[YOUR INSTRUCTIONS]: Print the data below exactly as it stands, and keep the pictures out.

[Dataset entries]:
────

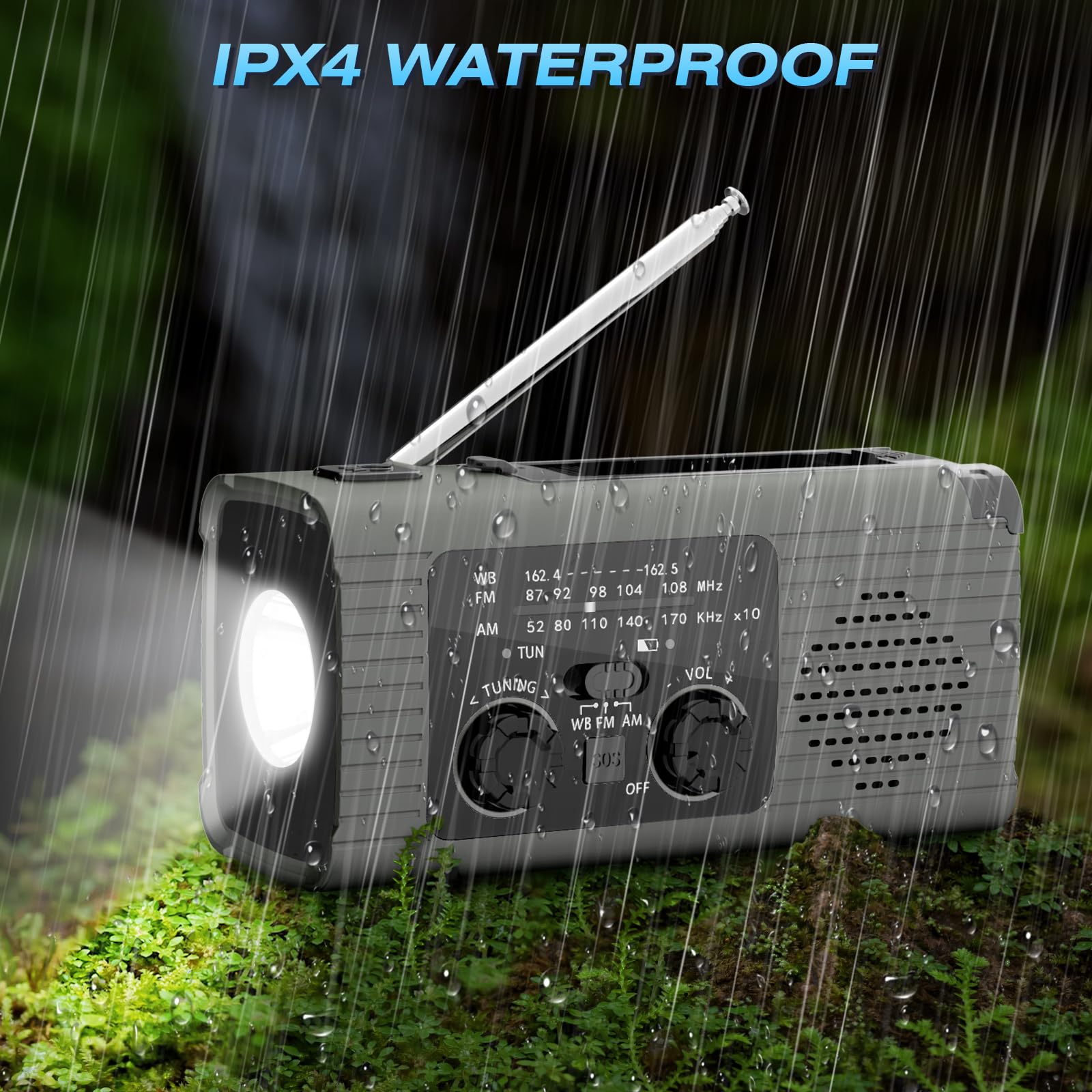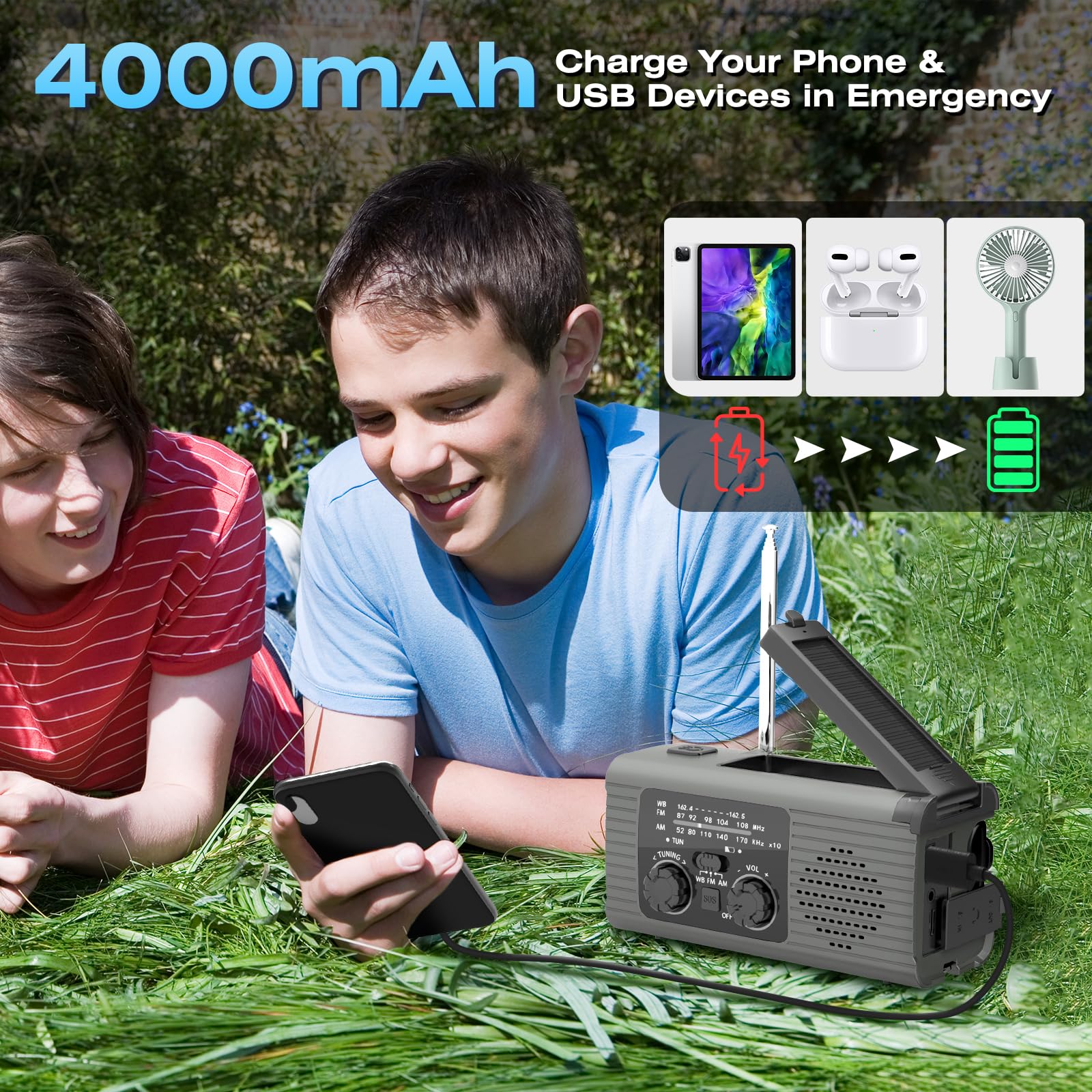 Emergency Radio 4000mAh Solar Hand Crank AM FM NOAA Weather Portable LED Flashlight Reading Lamp SOS Alarm Headphone Jack Indoor Outdoor Grey Survival
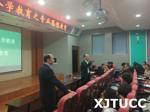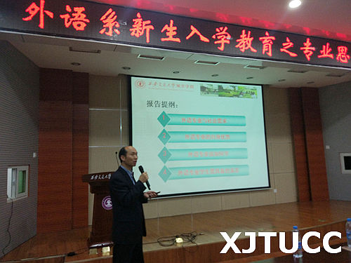 为了帮助新生深入了解所学专业,热爱所学专业,明确学习目标,掌握学习方法,激发学习动力,西安交大城市学院外语系于9月4日晚19点在F100报告厅举办2017级新生入学教育之专业思想教育。讲座由系常务副主任韩红建副教授主讲,副主任赵永生副教授、学工办老师和全体新生参加。
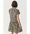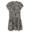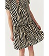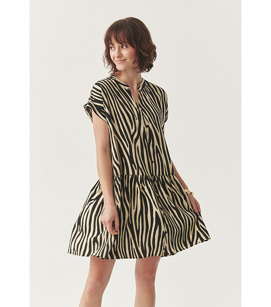 Rochie cu partea de sus dreaptă și partea de jos evazată cu o linie ușor încrețită. Lungime deasupra genunchiului. Mâneci scurte cu efect îndoit. Decolteu în V cu guler înalt mic. Închidere cu nasturi în față pe toată lungimea părții de sus. Imprimeu animal pe toată suprafața.
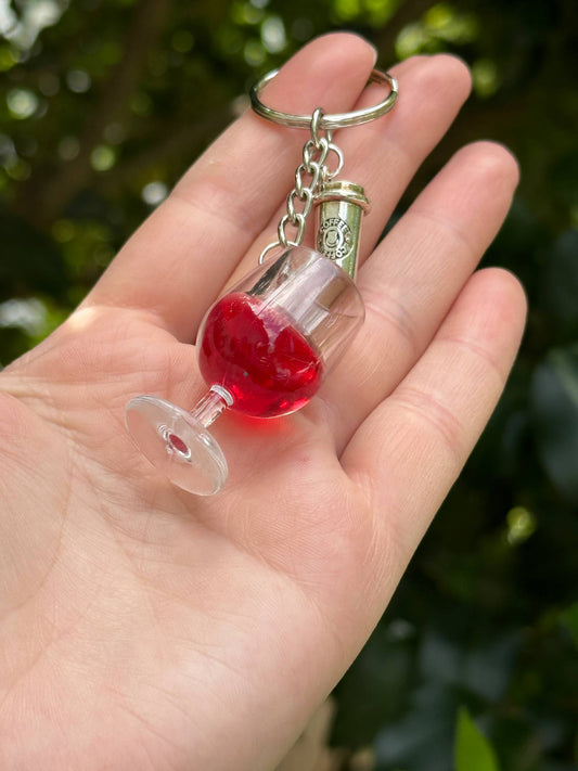 Oversized wine Bottle Keychain with Metal Bottle Charms
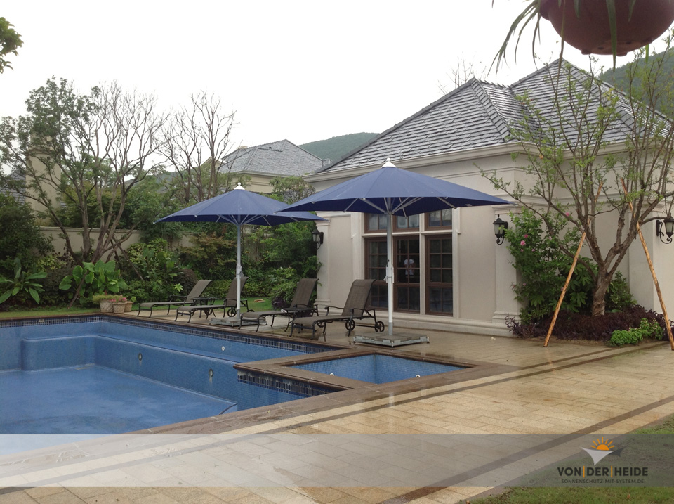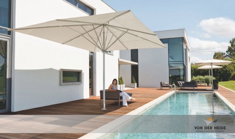Rechteckiger Sonnenschirm May-Filius an Swimming-Pool eines Privatobjektes
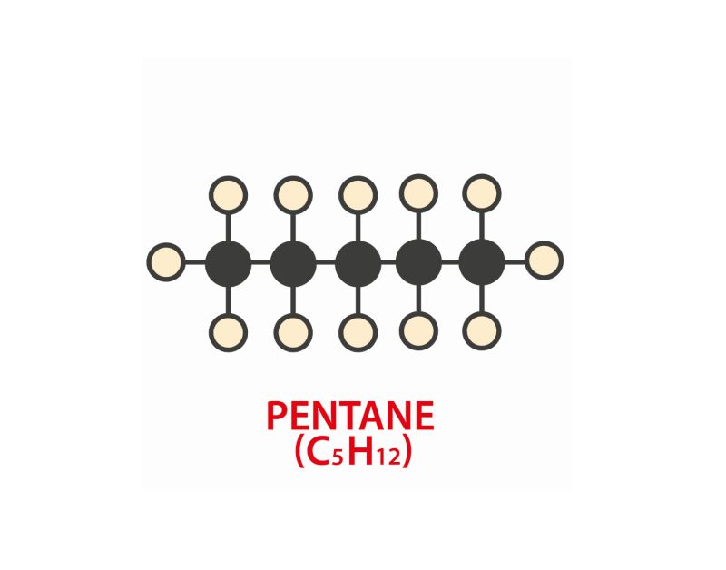 Pentane (C5H12) is one of the most volatile liquid alkanes at ambient temperature. Therefore, it is often used in laboratories as a solvent that can evaporate quickly and easily. However, this gas can be found in more applications. Pentane can also be added to refrigerant systems as a refrigerant fluid additive or to produce (polystyrene) foams.
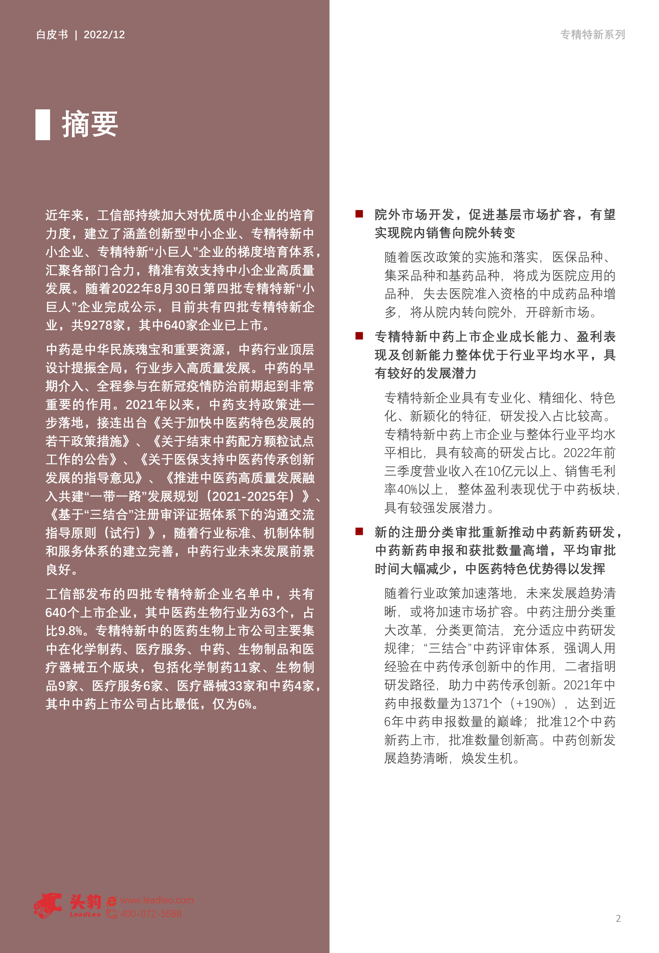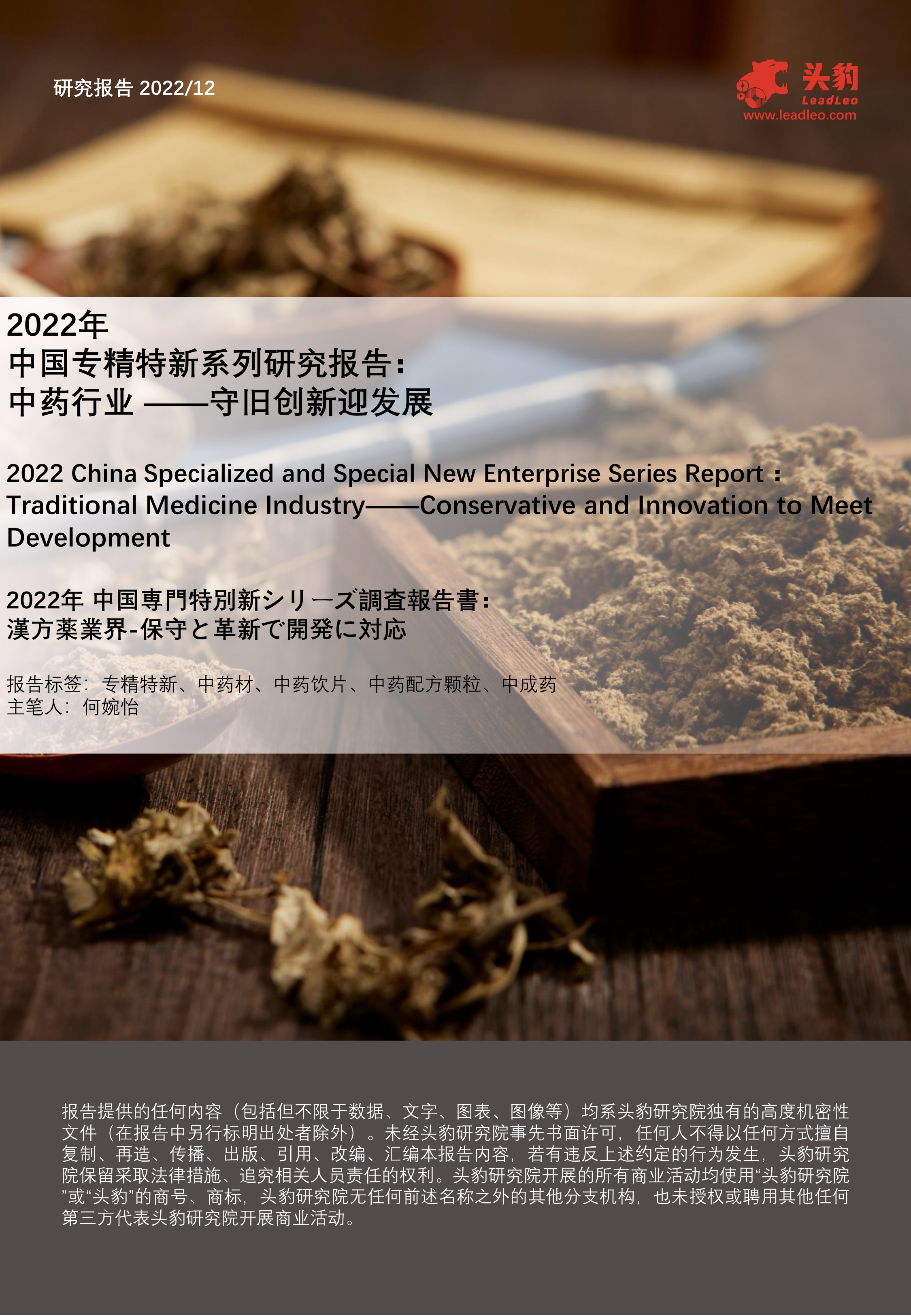 2022年中国专精特新系列研究报告:中药行业 ――守旧创新迎发展
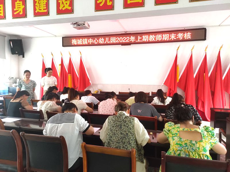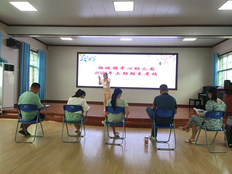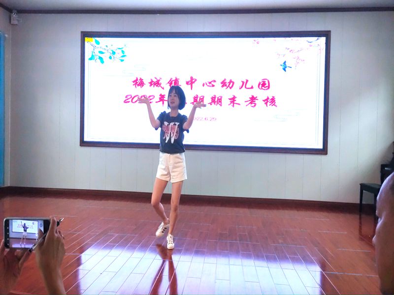 本网讯 6月29日,梅城镇中心幼儿园组织全体主配班教师进行期末专业技能考核活动,全园36名教师分两个组两个时间段进行,考核内容包含绘画、弹唱、舞蹈、故事讲述四个方面。园长晏丽妆、副园长付蓉等行政领导担任评委。
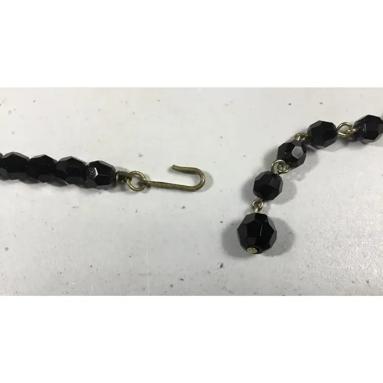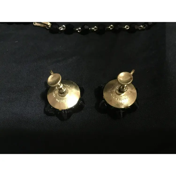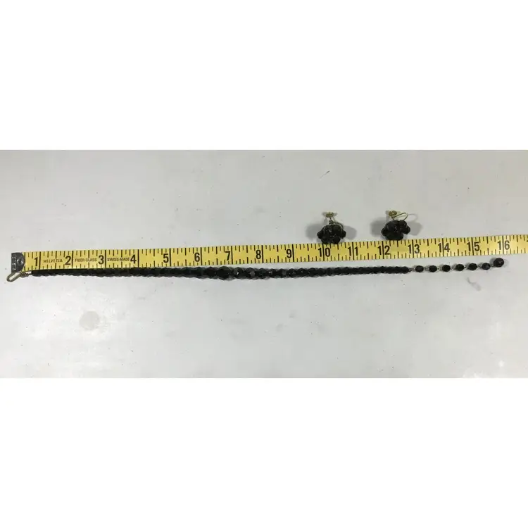 16" faceted, black glass bead necklace on cord, with 3/4 inch wide black earrings, crystals are both glued AND sewn on earrings. Round cabochon in center of earrings. Sparkly. minor tarnish, one earring back wiggles, teeny tiny scratches on beads near clasp, can't be seen without jeweler's loupe.
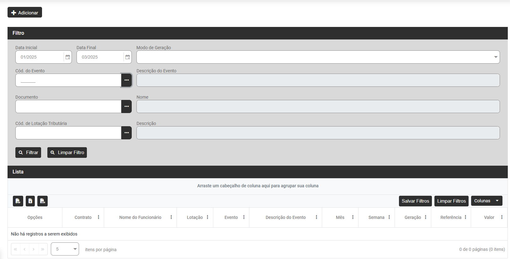 Ação sugerida: Verificar se existe algum evento de rubrica zerado.
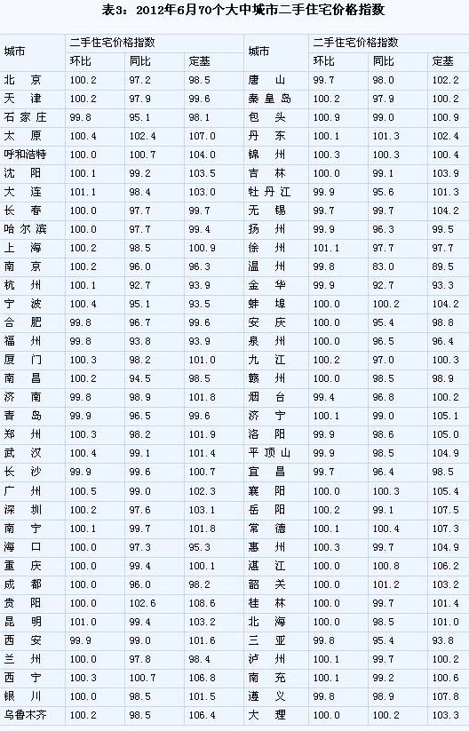 (二)與去年同月相比,70個大中城市中,價格下降的城市有57個,持平的城市有2個,上漲的城市有11個。6月份,同比價格上漲的城市中,漲幅均未超過1.2%,漲幅比5月份回落的城市有6個。
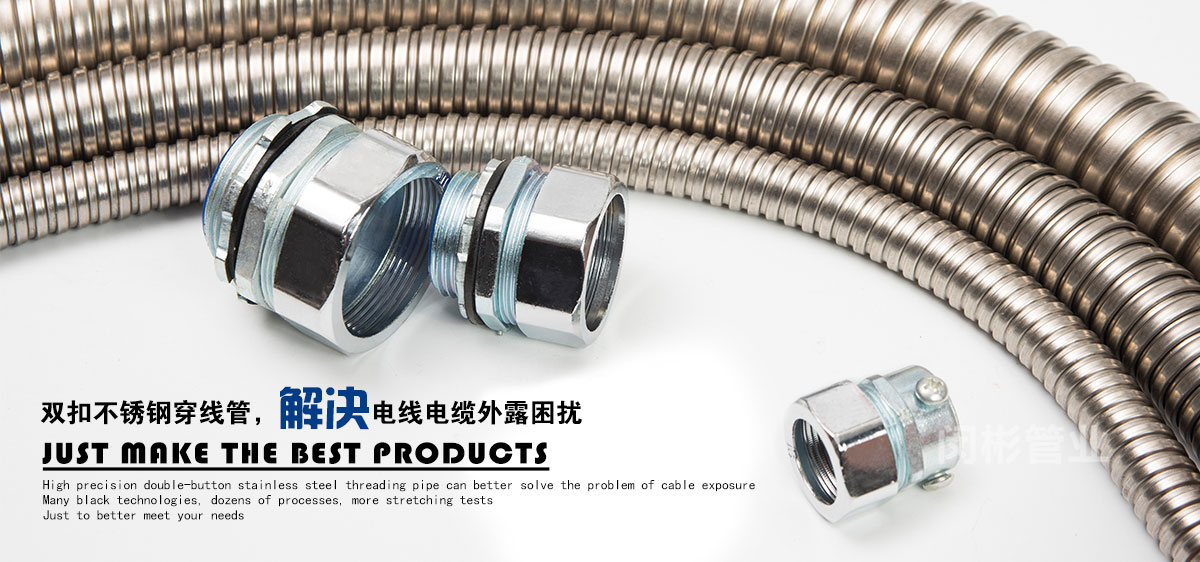 除此之外,公司還致力于金屬軟管接頭,普利卡管,普利卡接頭,不銹鋼穿線管的銷售。公司本著品種多、質量優、服務好的宗旨,不斷開發、創新產品,以滿足日益發展的市場需要。產品主要包括:金屬軟管接頭 ,橋架接頭,塑料軟管接頭,AD接頭,不銹鋼接頭,普利卡接頭,包塑金屬軟管,不銹鋼軟管,不銹鋼金屬軟管,不銹鋼編織軟管,普利卡軟管,尼龍軟管,塑料波紋管,尼龍拖鏈等機床配件。產品廣泛應用于建筑、機床、鐵路、車輛、化工、汽車、監控、建筑裝修、建筑裝飾、建材、裝修裝飾等行業。上海閔彬管業有限公司高質量包塑管在實際使用中多家工程單位的認可、使用與推廣。
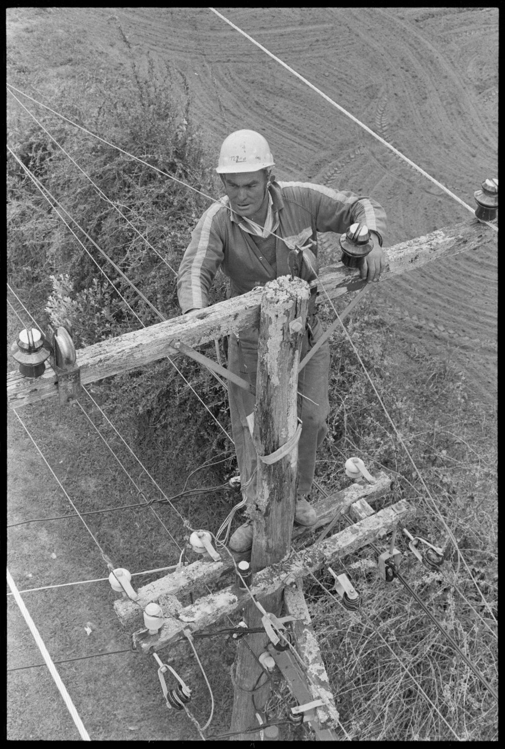Date2 November 1974Reference Numberphoto gcc-26421DescriptionTauranga Electric Power Board maintenance on power lines, pictured is Alan Johns repairing damaged lines. Published 2 November 1974.FormatNegativePhysical Description35mm black-and-white negative (1/6)Photographer/CreatorBay of Plenty Times

────

[ANSWER FOR THE TASK]:
 Emergency Radio 4000mAh Solar Hand Crank AM FM NOAA Weather Portable LED Flashlight Reading Lamp SOS Alarm Headphone Jack Indoor Outdoor Grey Survival
 为了帮助新生深入了解所学专业,热爱所学专业,明确学习目标,掌握学习方法,激发学习动力,西安交大城市学院外语系于9月4日晚19点在F100报告厅举办2017级新生入学教育之专业思想教育。讲座由系常务副主任韩红建副教授主讲,副主任赵永生副教授、学工办老师和全体新生参加。
 Rochie cu partea de sus dreaptă și partea de jos evazată cu o linie ușor încrețită. Lungime deasupra genunchiului. Mâneci scurte cu efect îndoit. Decolteu în V cu guler înalt mic. Închidere cu nasturi în față pe toată lungimea părții de sus. Imprimeu animal pe toată suprafața.
 Oversized wine Bottle Keychain with Metal Bottle Charms
Rechteckiger Sonnenschirm May-Filius an Swimming-Pool eines Privatobjektes
 Pentane (C5H12) is one of the most volatile liquid alkanes at ambient temperature. Therefore, it is often used in laboratories as a solvent that can evaporate quickly and easily. However, this gas can be found in more applications. Pentane can also be added to refrigerant systems as a refrigerant fluid additive or to produce (polystyrene) foams.
 2022年中国专精特新系列研究报告:中药行业 ――守旧创新迎发展
 本网讯 6月29日,梅城镇中心幼儿园组织全体主配班教师进行期末专业技能考核活动,全园36名教师分两个组两个时间段进行,考核内容包含绘画、弹唱、舞蹈、故事讲述四个方面。园长晏丽妆、副园长付蓉等行政领导担任评委。
 16" faceted, black glass bead necklace on cord, with 3/4 inch wide black earrings, crystals are both glued AND sewn on earrings. Round cabochon in center of earrings. Sparkly. minor tarnish, one earring back wiggles, teeny tiny scratches on beads near clasp, can't be seen without jeweler's loupe.
 Ação sugerida: Verificar se existe algum evento de rubrica zerado.
 (二)與去年同月相比,70個大中城市中,價格下降的城市有57個,持平的城市有2個,上漲的城市有11個。6月份,同比價格上漲的城市中,漲幅均未超過1.2%,漲幅比5月份回落的城市有6個。
 除此之外,公司還致力于金屬軟管接頭,普利卡管,普利卡接頭,不銹鋼穿線管的銷售。公司本著品種多、質量優、服務好的宗旨,不斷開發、創新產品,以滿足日益發展的市場需要。產品主要包括:金屬軟管接頭 ,橋架接頭,塑料軟管接頭,AD接頭,不銹鋼接頭,普利卡接頭,包塑金屬軟管,不銹鋼軟管,不銹鋼金屬軟管,不銹鋼編織軟管,普利卡軟管,尼龍軟管,塑料波紋管,尼龍拖鏈等機床配件。產品廣泛應用于建筑、機床、鐵路、車輛、化工、汽車、監控、建筑裝修、建筑裝飾、建材、裝修裝飾等行業。上海閔彬管業有限公司高質量包塑管在實際使用中多家工程單位的認可、使用與推廣。
Date2 November 1974Reference Numberphoto gcc-26421DescriptionTauranga Electric Power Board maintenance on power lines, pictured is Alan Johns repairing damaged lines. Published 2 November 1974.FormatNegativePhysical Description35mm black-and-white negative (1/6)Photographer/CreatorBay of Plenty Times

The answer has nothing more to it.